Unfortunately for the severity and efficacy of this tonal avenue mining the psychological impact of losing someone so young—alongside subplots dealing with Grandma’s mortality, Dad’s (Scott Lowell) lack of self-confidence, and Caitlyn’s own deep-seeded anguish yet to be uncovered—Duran veers towards comedy with moments that subvert the drama’s success rather than augment it. I get the reason, though. Some of the subject matter he’s dealing with is dark, cutting, and boldly shown with full complexity intact. While that stuff can get oppressive without a satisfactory release via distraction, I’m not certain a goofy boss bordering on slapstick (Joseph Lake Guffey‘s Chad) is the solution. This character is fine on its own, but I couldn’t help getting pulled out of the film whenever he entered the frame.
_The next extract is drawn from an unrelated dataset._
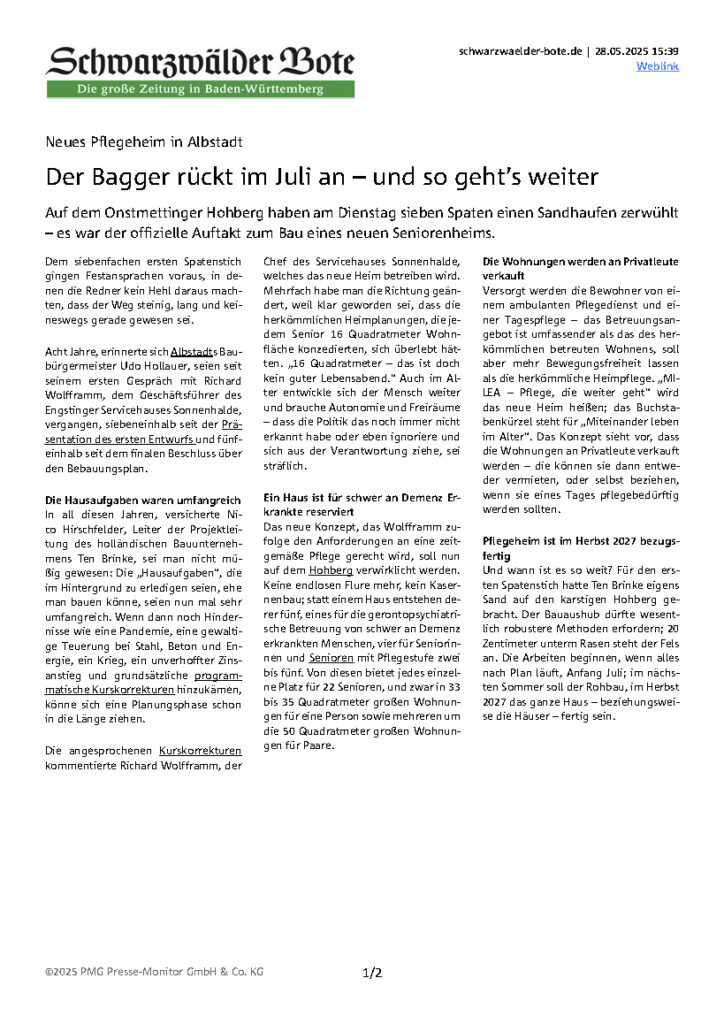Stimmen zum Spatenstich in Albstadt-Onstmettingen Beitrags-Autor:SHSRelaunch Beitrag veröffentlicht:Juni 4, 2025 Beitrags-Kategorie:News Das könnte dir auch gefallen „Tag der Pflege“ in Blumberg April 13, 2023 Die Lachfalten sind wieder da Mai 25, 2022 Neuigkeiten aus der Pflege – das ändert sich ab 1. Januar 2025 Januar 7, 2025

This goes for certain situations wherein their surface works against their themes too. It happens at a party meant to focus on John’s instability and the ease at which he can numb his pain with alcohol. But while we infer this is the point of these circumstances and what happens afterwards with Caitlyn, it’s delivered as though part of a teenage sex comedy. That disconnect made it hard to wrap my head around intent until after Duran reins it in with a perfectly placed vision of “Sarah” at the most inopportune time. I’m not saying Monsoon shouldn’t deal with John’s age and the self-medication available to him—that’s an important part of the film. I merely wish it serviced the message more than its role providing comic relief.

I say this because many scenes pack a potent emotional punch deserving of space to linger. The closer John gets to being healed, the more adversarial his conversations with “Sarah” become. This means getting at the root of what he’s feeling and unearthing the guilt, shame, and regret lying below his grief. Pair this clarity with the anger and frustration felt by those surrounding him and the drama crescendos towards a nexus point of catharsis that never came off as manipulative to me. It helps that Grandma doesn’t have time for bullshit, Dad isn’t averse to tantrums (mostly in the form of running away), and Caitlyn isn’t some shallowly drawn love interest like first appearances presume. Besides Mom (Brenda Jean Foley), those closest to John may surprise you.

So I wonder what could’ve been without the injected humor. Monsoon is at its best when it lets its characters be vulnerable enough to slide into a rage that can’t simply be shrugged off with a laugh. This is why those moments shared between John and Caitlyn often hit the hardest. He’s constantly finding himself caught in a daydream consuming his reality while she’s discovering that her desire to open him up from his shell means leaving her own. Rather than force contrition upon them, however, Duran lets their emotions run their course because their shared trajectory isn’t about being saved or doing the saving. It’s about finding secure footing on their terms to remember they’re stronger because of those they lost, not weaker for having lost them.